Aims: This study aimed to examine the efficacy of a nanocarrier (polyethyleneimine [PEI]-superparamagnetic iron oxide nanoparticle [SPIO]), composed of a core of iron oxide and a shell of PEI, in the systemic delivery of therapeutic siRNA to experimental arthritic joints.
Materials & methods: PEI-SPIO/siRNA nanoparticles were synthesized and characterized in vitro. Nanoparticles were administered intravenously to arthritic rats to analyze cellular uptake, tissue distribution and the therapeutic effect of a siRNA against the IL-2/-15 receptor β chain (IL-2/IL-15Rβ).

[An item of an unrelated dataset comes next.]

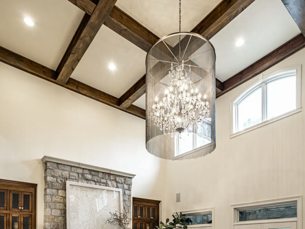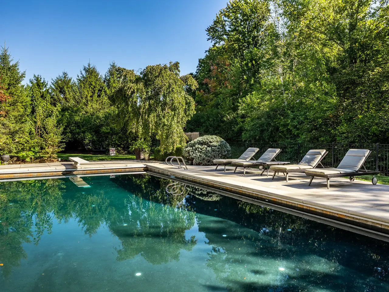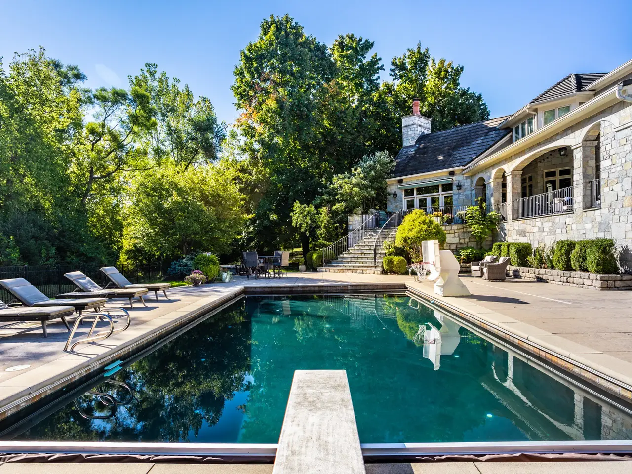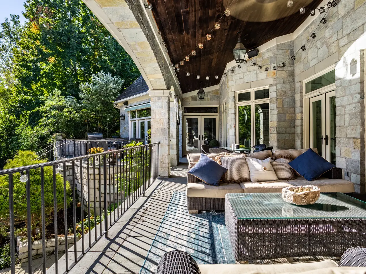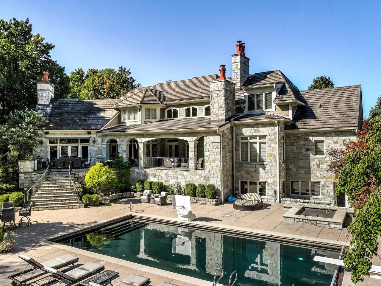 Beautifully situated on a private, lush, 2-acre fenced lot, this stunning estate offers an unparalleled lifestyle. Outdoor living is a true retreat with a 40x20 gunite pool, hot tub, and expansive veranda with fireplace and grilling center, perfect for entertaining or relaxing in privacy. Yard has ample room for tennis court or pickleball court! Inside, guests are greeted by a soaring great room with 20-foot ceiling and a stone fireplace flanked by built-ins. The world-class chef's kitchen is a true centerpiece, featuring Wolf and Sub-Zero appliances, a pizza oven, a Miele coffee center, and an office nook conveniently tucked away behind the kitchen. The adjoining family room showcases an exposed truss ceiling and beautiful stone fireplace, as well as direct access to the outdoor living spaces. The main-floor primary suite is an elegant retreat with a spa-inspired bathroom and veranda access, creating a luxurious and serene sanctuary. Upstairs hosts five spacious bedrooms with four beautifully remodeled bathrooms. The walk-out lower level is an entertainer's paradise offering every amenity imaginable including a theatre area, 24x20 built-in bar with beverage cooler and beer tap, billiard area, wine cellar, double-sided fireplace, exercise room, and home office. Completing this impressive residence is a generous 4-car garage with raised ceiling for half-court basketball.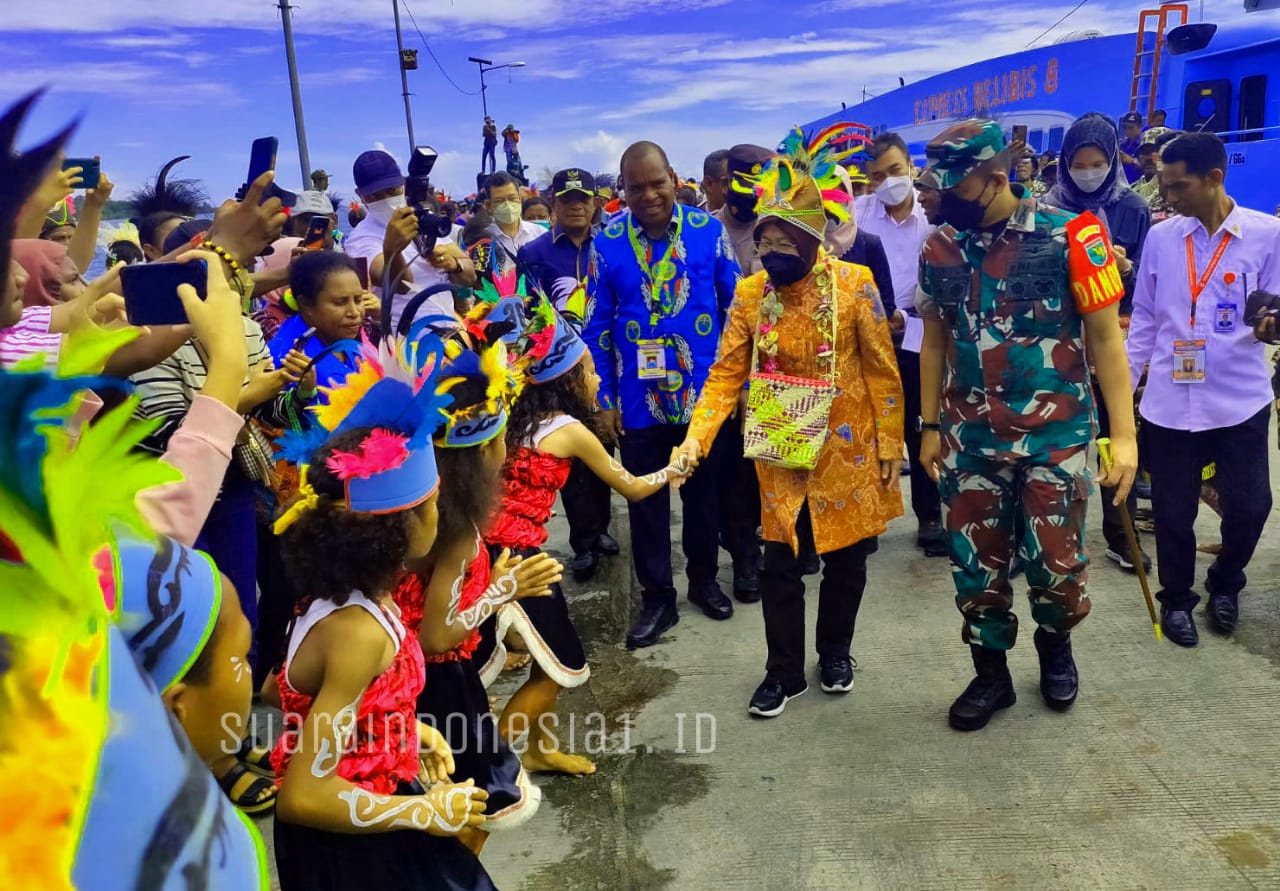 Tiba di negeri sejuta bakau menteri mantan walikota Surabaya disambut langsung oleh Bupati Waropen Yermias Bisai, Wabup Lamek Maniagasi, Forkopimda bersama staf ahli Kementerian sosial, Benhur Tommy Mano di Pelabuhan Pedemani Waren.

Results: PEI-SPIOs loaded with siRNA displayed negligible cytotoxicity, improved siRNA stability, efficient uptake by macrophages and the ability to induce specific gene silencing in vitro. PEI-SPIO-delivered siRNA accumulated easily in inflamed joints and was efficiently taken up by joint macrophages and T cells. Although IL-2/IL-15Rβ siRNA-loaded PEI-SPIOs alone were efficacious in the treatment of experimental arthritis, combination therapy with both PEI-SPIO/IL-2/IL-15Rβ siRNA and a magnetic field displayed an additive anti-inflammatory effect.
Conclusion: PEI-functionalized SPIOs can be employed for systemic siRNA delivery in rheumatoid arthritis and enhanced therapeutic benefit can be achieved by the use of an external magnetic field.
Keywords: IL-2/IL-15Rb; macrophage; nanoparticle; rheumatoid arthritis; siRNA.